Да, не узнать теперь Сещу. Вон у полуразрушенного здания ДКА - бывшего Дома Красной Армии, где до войны работал телефонистом Анин брат Сережа и где так часто по вечерам Аня танцевала с летчиками, у входа в офицерское казино выставлен щит с афишей кинофильма: "Покорение Европы". Написано, конечно, по-немецки. Тут и там ветер шевелит трехцветные полотнища с черной свастикой. Людно, тесно стало в авиагородке. Кругом пестрят, мелькают немцы - разноцветных униформах, тарахтят на разные голоса моторы, снуют автомашины, мотоциклисты, велосипедисты… На ходу Аня окидывает взглядом знакомые объекты - казармы летчиков, взлетно-посадочной техчасти, батальон аэродромного обслуживания, штаб батальона связи, штаб автотранспортных колонн, штаб охранного батальона, штаб ГФП - тайной полевой полиции, технические мастерские…
"Ахтунг! Ахтунг!" - кричит репродуктор на вышке управления полетами. По улице, недавно заасфальтированной поляками, проносится юркий черный "мерседес" коменданта аэродрома капитана Арвайлера. В другую сторону, погромыхивая, тянется колонна крытых "бюссингов". Вдали виднеются крыши огромных ангаров. Там штаб 31/XII, там аэродром, туда не пускают русских. Только мельком увидишь вдоль светло-серой бетонки ряды зелено-голубых самолетов. Но Аня знает: пять дней назад на аэродроме стояло 230 самолетов отборных эскадр люфтваффе. Знает точно - каких, сколько. Потому что Аня Морозова давно уже не только прачка.
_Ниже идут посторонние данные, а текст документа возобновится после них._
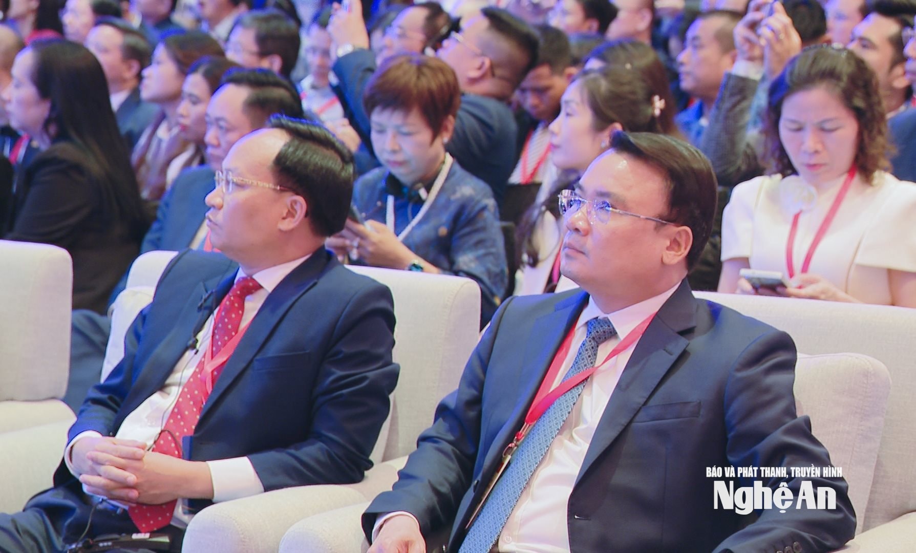 Đoàn đại biểu tỉnh Nghệ An dự diễn đàn có các đồng chí: Nguyễn Khắc Thận - Ủy viên Trung ương Đảng, Bí thư Tỉnh ủy, Trưởng đoàn ĐBQH tỉnh; Võ Trọng Hải - Phó Bí thư Tỉnh ủy, Chủ tịch UBND tỉnh; Phùng Thành Vinh - Phó Chủ tịch UBND tỉnh; Trịnh Thanh Hải - Giám đốc Sở Tài chính; Trần Khánh Thục - Giám đốc Sở Ngoại vụ.

По трем железнодорожным веткам, проложенным от магистрали Рославль - Брянск, бегут приземистые немецкие эшелоны. На разгрузочных станциях за зданиями складов - грохот и лязг сцеплений вагонов, стук молотков и топоров, гортанные команды и крики, и в этот шум мощно врывается нескончаемый шум с аэродрома - рев прогреваемых моторов. Аню оглушают паровозные гудки, гул дизелей. Распахнуты ворота складов бомб, боеприпасов, обмундирования, продовольствия. Аня видит на товарном перроне обнаженное чрево авиамотора самолета "Фокке-Вульф-190А-4" - мотора БМВ 801 Д2, мощность 2,100 лошадиных сил, - невероятно сложного, безотказного, составленного из мелких и больших деталей, и ей кажется, что этот мотор - символ всей авиабазы, огромной и грозной катапульты люфтваффе, которая вот уже много месяцев выстреливает в небо, на восток, самолет за самолетом. А самолеты эти сеют смерть там, где в окопах и блиндажах засели парни в серых шинелях, на переправах и станциях, в далеких больших городах.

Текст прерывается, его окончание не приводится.